Dataset content.
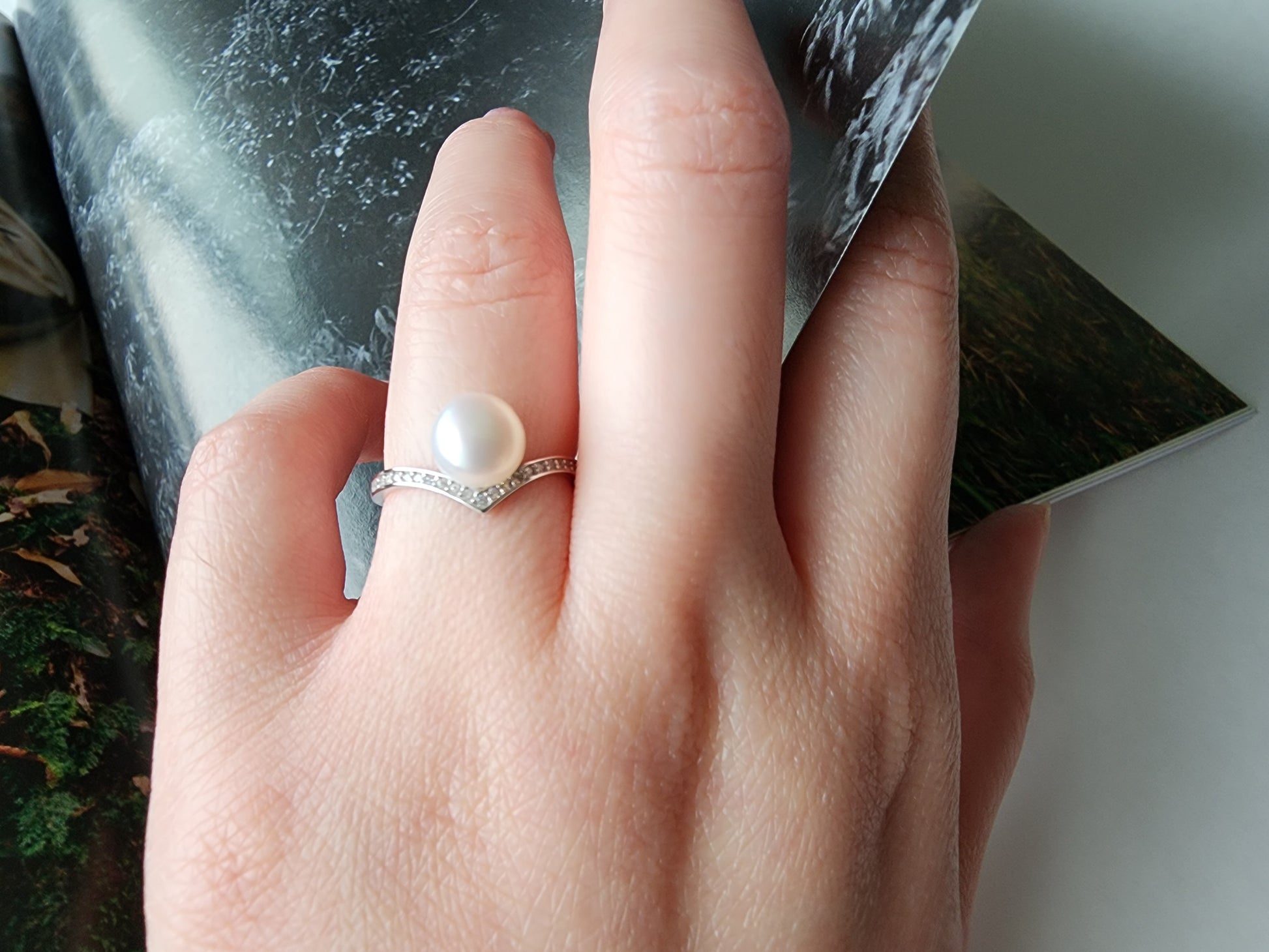 This elegant ring features a single 7-8mm button freshwater pearl set in the center of a V-shaped sterling silver (925 silver) band. The unique design of the band adds a modern touch to the classic beauty of the pearl. Perfect for any occasion, this ring is sure to become a cherished addition to any jewelry collection.
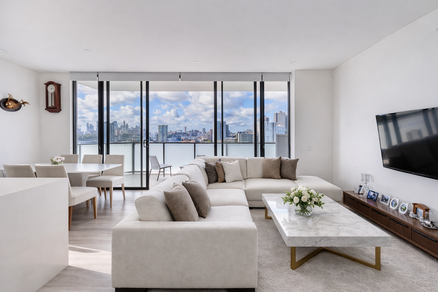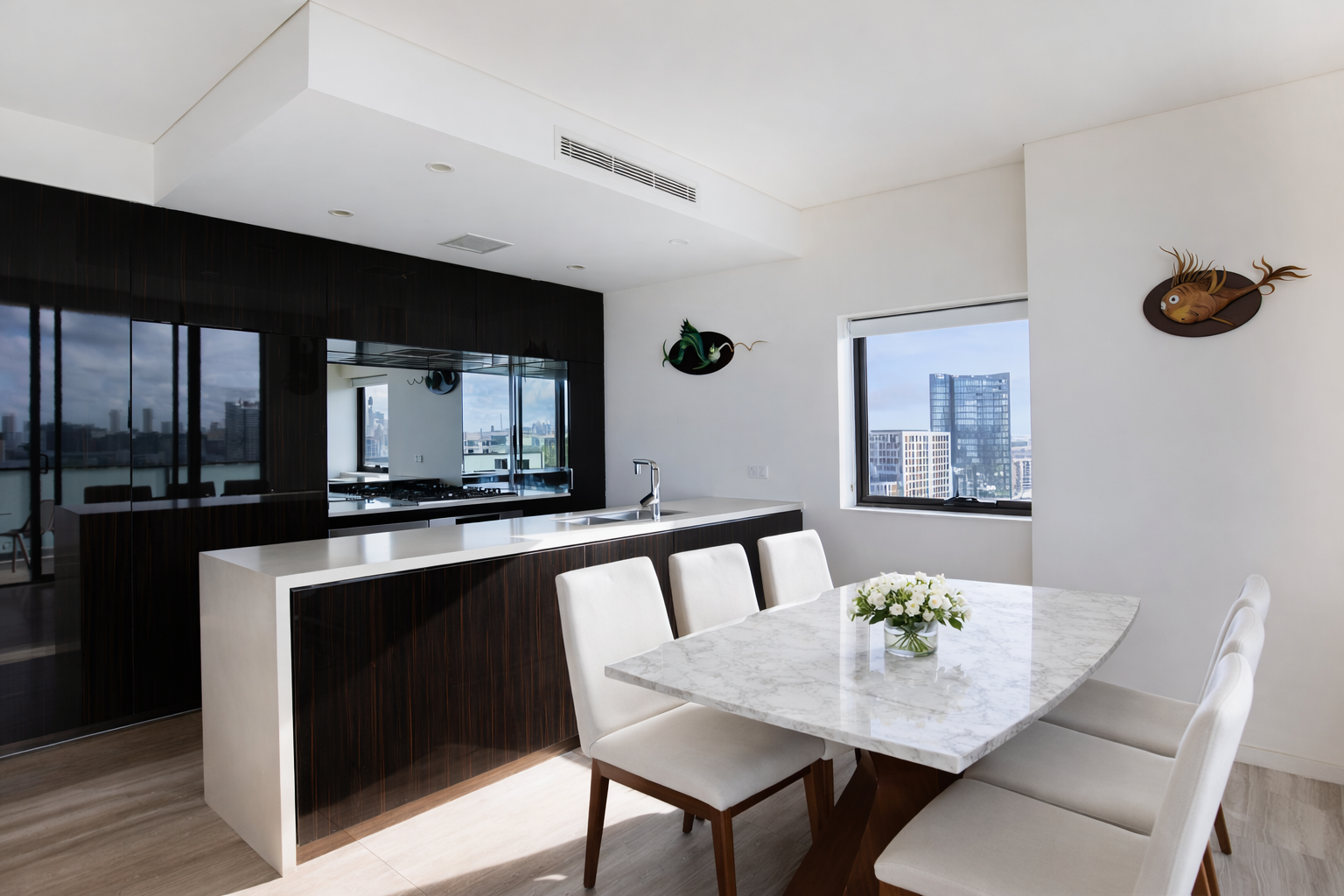 - Expansive penthouse with uninterrupted panoramic city skyline views
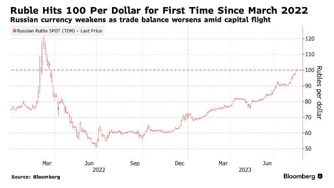 尽管俄罗斯央行试图在2023年剩余时间停止在国内市场购买外汇来遏制卢布的暴跌,但美元兑卢布汇率在周一仍突破了100的重要心理关口,这是自去年3月以来的首次。

What the task requires.
Word for word, return the material, omitting the pictures.

Output for this task.
 This elegant ring features a single 7-8mm button freshwater pearl set in the center of a V-shaped sterling silver (925 silver) band. The unique design of the band adds a modern touch to the classic beauty of the pearl. Perfect for any occasion, this ring is sure to become a cherished addition to any jewelry collection.
 - Expansive penthouse with uninterrupted panoramic city skyline views
 尽管俄罗斯央行试图在2023年剩余时间停止在国内市场购买外汇来遏制卢布的暴跌,但美元兑卢布汇率在周一仍突破了100的重要心理关口,这是自去年3月以来的首次。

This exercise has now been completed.